Democratic free markets have provided benefits to society in health, wealth, education and freedom for over 200 years. No other system of government comes close to these accomplishments, in our view. The high levels of uncertainty about the future of the economy, and the often unorthodox or anti-market policies being adopted to cope with that uncertainty, we believe, are putting continued societal benefits at risk. Here is some quotes that articulate our concerns:
- “Capitalism succeeds not because it is based on greed, but because the freedom to trade and do business with others is in harmony with our God-given nature.” Arthur Brooks, Professor of the Practice of Public Leadership, Harvard Kennedy School and Professor of Management Practice, Harvard Business School, in 2015.
- “In the private sector, we often have to remind ourselves to celebrate success because competition forces us to focus on solving problems and striving for continuous improvement.” Ron Johnson, U.S. Senator for Wisconsin, in 2021.
- “Easy credit feeds our love of immediate gratification, distorts self-regulation and diminishes prudent market behavior, creating a destabilizing positive-feedback loop.” Peter C. Whybrow, English psychiatrist, Award-winning author, and Distinguished Professor in the Department of Psychiatry and Biobehavioral Sciences at UCLA, in 2015.
- “It’s fair to say that $12.3 trillion of stimulus seems to have killed off the U.S. credit default cycle. Almost all fear of bankruptcy has been obliterated from debt markets” Lisa Abramowicz, Journalist on Bloomberg Radio and Television, in 2021.

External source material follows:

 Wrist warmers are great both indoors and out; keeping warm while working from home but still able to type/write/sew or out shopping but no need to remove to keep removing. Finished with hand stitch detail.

- “Capitalism doesn’t work unless capital costs something and markets don’t work unless they’re allowed to rise and fall.” Sheila Bair, Former Chair of the U.S. Federal Deposit Insurance Corporation, in 2021.

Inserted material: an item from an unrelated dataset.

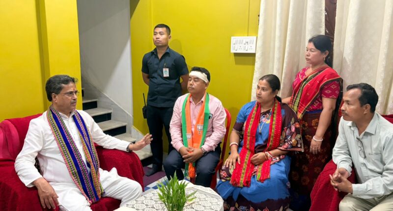 Agartala, April 8 — Chief Minister Manik Saha on Wednesday visited the residence of BJP candidate Majee Debbarma from the Pekuajala–Jamejoynagar constituency, who was recently injured in an alleged attack by miscreants reportedly linked to the Tipra Motha Party.

- “The first panacea for a mismanaged nation is inflation of the currency; the second is war. Both bring a temporary prosperity; both bring a permanent ruin. But both are the refuge of political and economic opportunists.” Ernest Hemingway in 1935.

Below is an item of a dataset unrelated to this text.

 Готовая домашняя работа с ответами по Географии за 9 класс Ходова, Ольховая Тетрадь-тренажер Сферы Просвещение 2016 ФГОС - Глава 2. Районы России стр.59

- “Overall, the U.S. economy seems likely to expand at a moderate pace over the second half of 2007, with growth then strengthening a bit in 2008 to a rate close to the economy’s underlying trend.” Ben Bernanke, American economist at the Brookings Institution and former Chair of the Federal Reserve, in 2007.
- “Inflation has increased notably and will likely remain elevated in coming months before moderating.” Jerome Powell, Chair of the Federal Reserve, in 2021.
- “Information is too voluminous, diffuse, and dynamic for central authorities to plan the economy successfully. Even the world’s smartest people and most competent governments don’t possess enough knowledge to micromanage sprawling complex systems. Instead, a diversity of opinions – in science, business and policy – helps us correct errors and climb the ladder of progress and truth.” Brett Swanson’s 2021 synopsis of Friedrich Hayek’s 1974 Nobel Prize Lecture.
- “I’ve spent my career talking about ‘why would you want to own gold?’ It has no income, it costs to store. And yet, when you see the debasement of the currency, you say, what am I going to hold on to?” Sam Zell, Founder and Chairman of Equity Group Investments, in 2021.
We have deep concerns regarding the risks that unconventional fiscal and monetary policies pose to free markets and capitalism. These policies have created excessive debt, ballooning money supply, asset bubbles, inflation, risky investment behavior, and elevated levels of uncertainty. In addition, well intentioned policies and regulations to promote social justice or climate control also risk unintended consequences that might undermine business and society. While we find these witty and concise quotes from economists, writers, and investors who share our view enlightening, investors should take these seriously and consider gold, an asset class with a recognised track record of offsetting pervasive market risk.